Because the appellee failed to plead and prove an entitlement to relief under Rule 5.495, Florida Probate Rules, the order under review is reversed, and this cause is remanded to the trial court for entry of an order granting the appellant’s motion to strike the claim and denying the appellee’s motion to extend the time for filing its claim.3
JOANOS, J., concurs. BOOTH, J., dissents with written opinion.. The text of the committee note is as follows:
It is contemplated that substantially more creditors who have missed the filing deadline imposed by F.S. 733.702 will be filing a petition to extend the time for filing claim, under the authority of Tulsa Professional Collection Services, Inc., v. Pope [485 U.S. 478] 108 S.Ct. 1340 [99 L.Ed.2d 565] (1988). This is a new procedure which requires specificity in the relevant factual allegations of any petition based upon the concepts discussed in that case. If the creditor had knowledge of the administration proceedings, but too late in the period to accomplish the filing of the claim, such allegation specifically describing those facts meets the requirements of this rule. Furthermore, it does not appear that inadvertence or surprise in Fla.R.Civ.P. 1.540(b)(1) or matters relating to judgments in (4) and (5) of that rule have application in this context.

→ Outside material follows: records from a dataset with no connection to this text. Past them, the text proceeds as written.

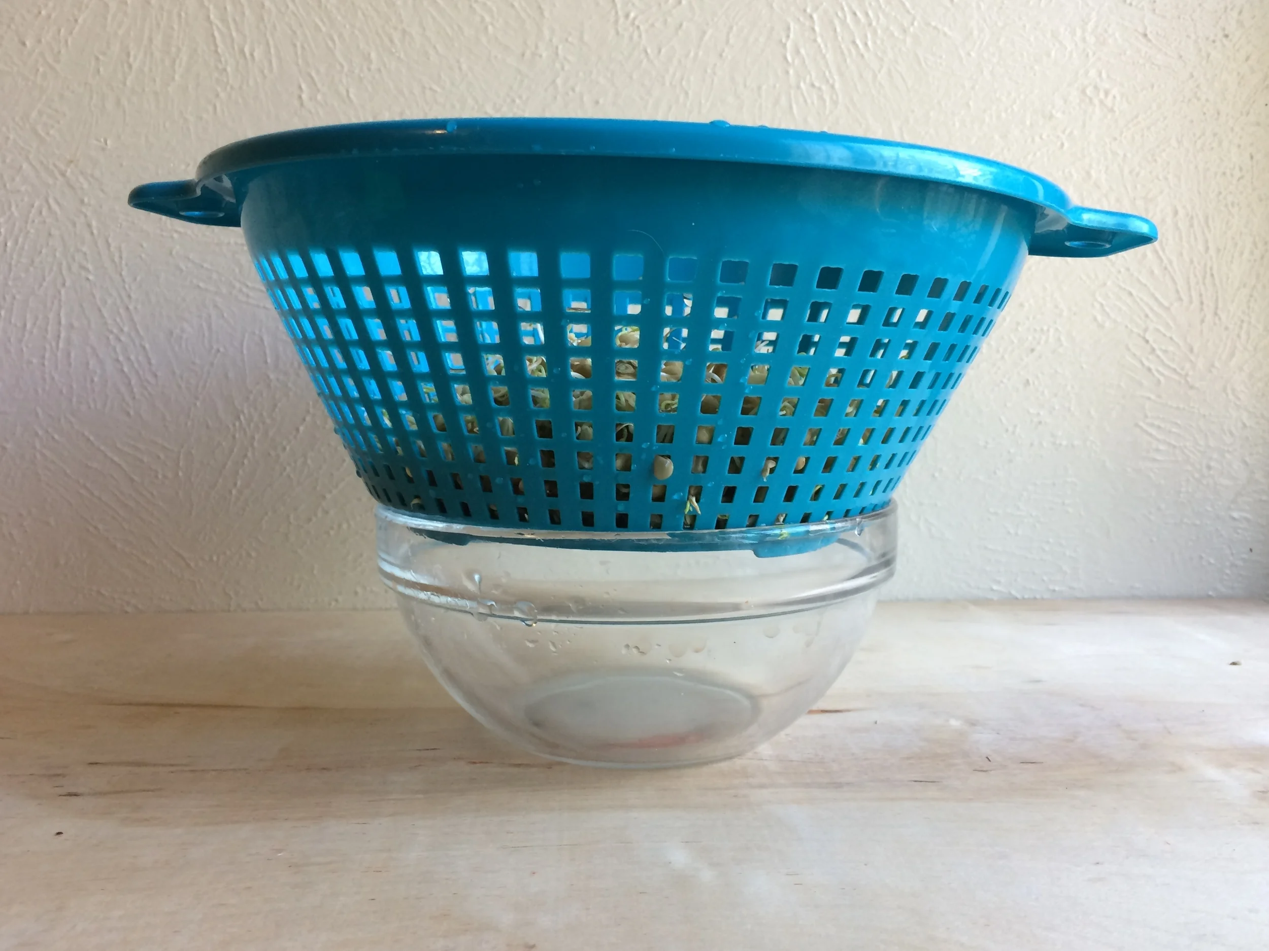 - Place the drained lentils in a plastic or enamel colander (not metal) and put the colander on top of a bowl or plate to catch any left over water. You can also cover a bowl with cheese cloth or thin cotton and secure it with a rubber band, then place the lentils on top of the cloth.
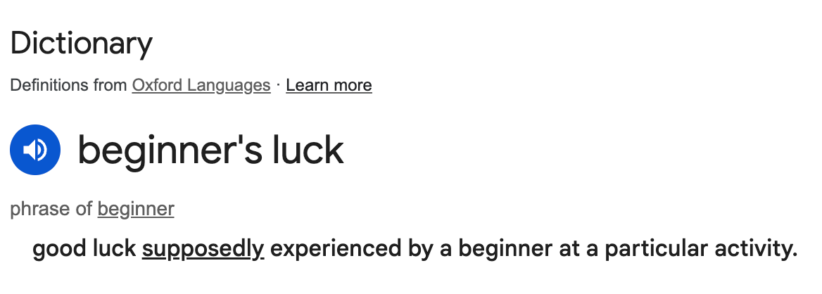 You're probably familiar with the term "Beginner's Luck" at this point. In case you're not, here's the official definition...
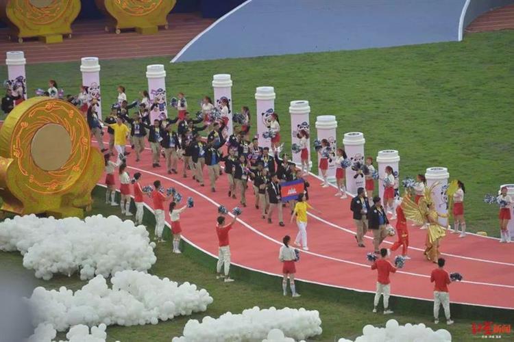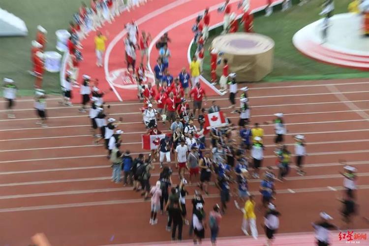 东道主中国队进场,无数观众起立致敬,庞大的中国参赛队员统一着装红色上衣和白色长裤。
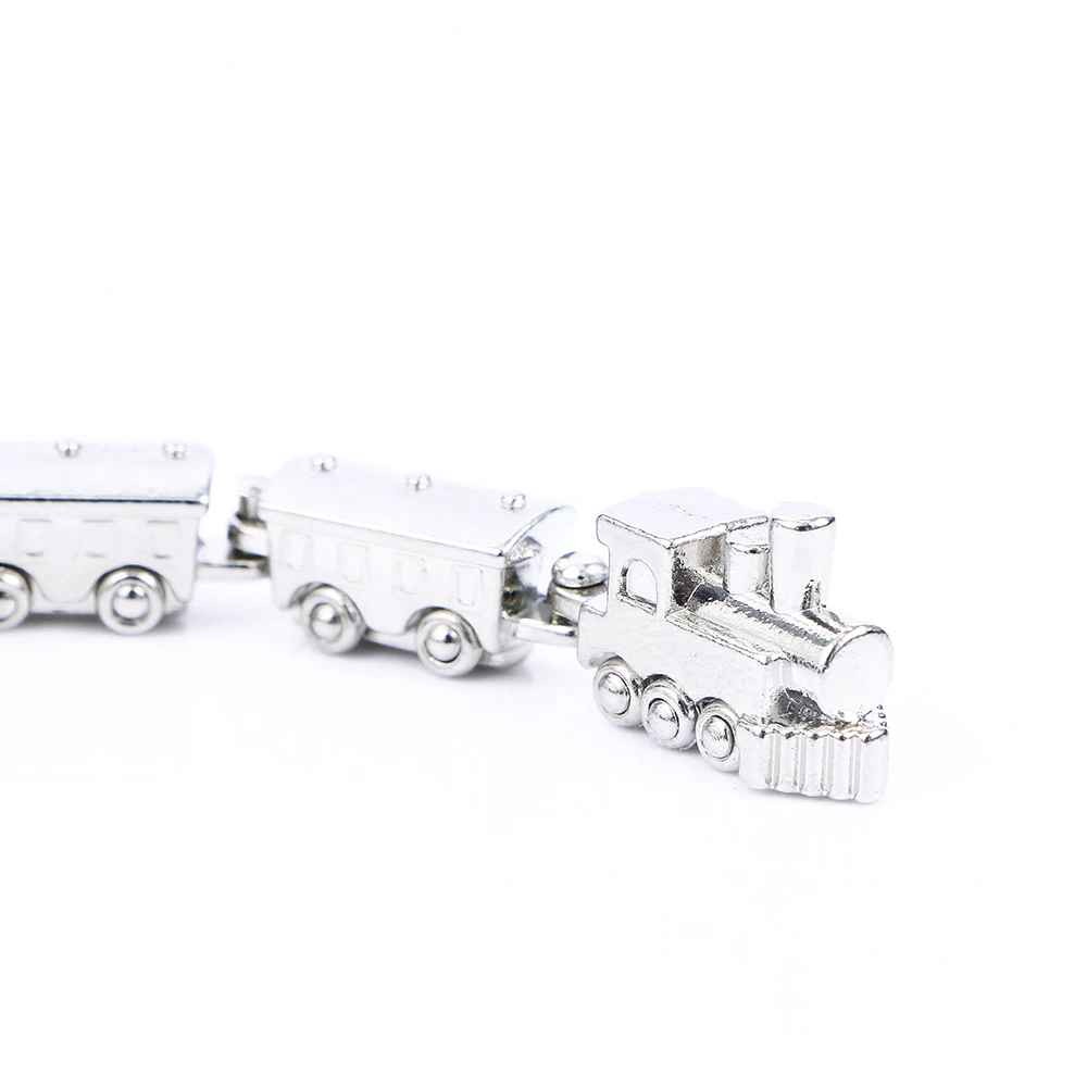 Le pendentif représente un train complet en miniature — une locomotive à vapeur avec cheminée suivie de deux wagons voyageurs, le tout articulé et accroché en ligne sur l'anneau principal. Chaque élément est en alliage de zinc argenté avec des détails bien sculptés — fenêtres, roues, parois striées — pour un rendu réaliste et soigné. La finition argentée mate et brillante mêlée donne du relief à l'ensemble. Le métal résiste bien aux frottements et à l'usure du quotidien.

In re Rules of Probate and Guardianship Procedure, 537 So.2d at 550.
. We recognize the dissent’s assertion that “[t]he trial court found that appellee did not know the critical dates of the nonclaim period.” What the trial court actually found was that "there [was] absolutely no proof that the creditor had actual knowledge of the date when valid claims would no longer be permitted to be filed.” The obvious deficiency of this finding is that it fails to address whether there is affirmative proof of what the appellee knew, as is required by Rule 5.495. We have carefully reviewed the entire record in this case and have found no evidence presented by the appellee creditor nor, for that matter, anything else in the record which would indicate that the appellee lacked actual knowledge of all information necessary for it to have filed a timely claim.
. The dissenting judge contends that “actual knowledge" does not satisfy the “actual notice” requirements of Pope, and she indicates that she is "concerned that the majority implicitly equates [the terms].” We recognize that there is a difference between the two terms. Nevertheless, our personal views of whether the "actual notice” discussed in Pope can be satisfied by the "actual knowledge" referred to in Rule 5.495 are irrelevant to the resolution of this case. This is so because a supreme court rule addresses the question and plainly provides that a creditor must establish absence of actual knowledge in order to be entitled to file his Pope claim. We are required to follow the plain language of the rule. State v. Battle, 302 So.2d 782 (Fla. 3d DCA 1974); State v. Lott, 286 So.2d 565 (FIa.1973), cert. denied 417 U.S. 913, 94 S.Ct. 2613, 41 L.Ed.2d 217 (1974); and Kinsey v. State, 179 So.2d 108 (Fla. 1st DCA 1965).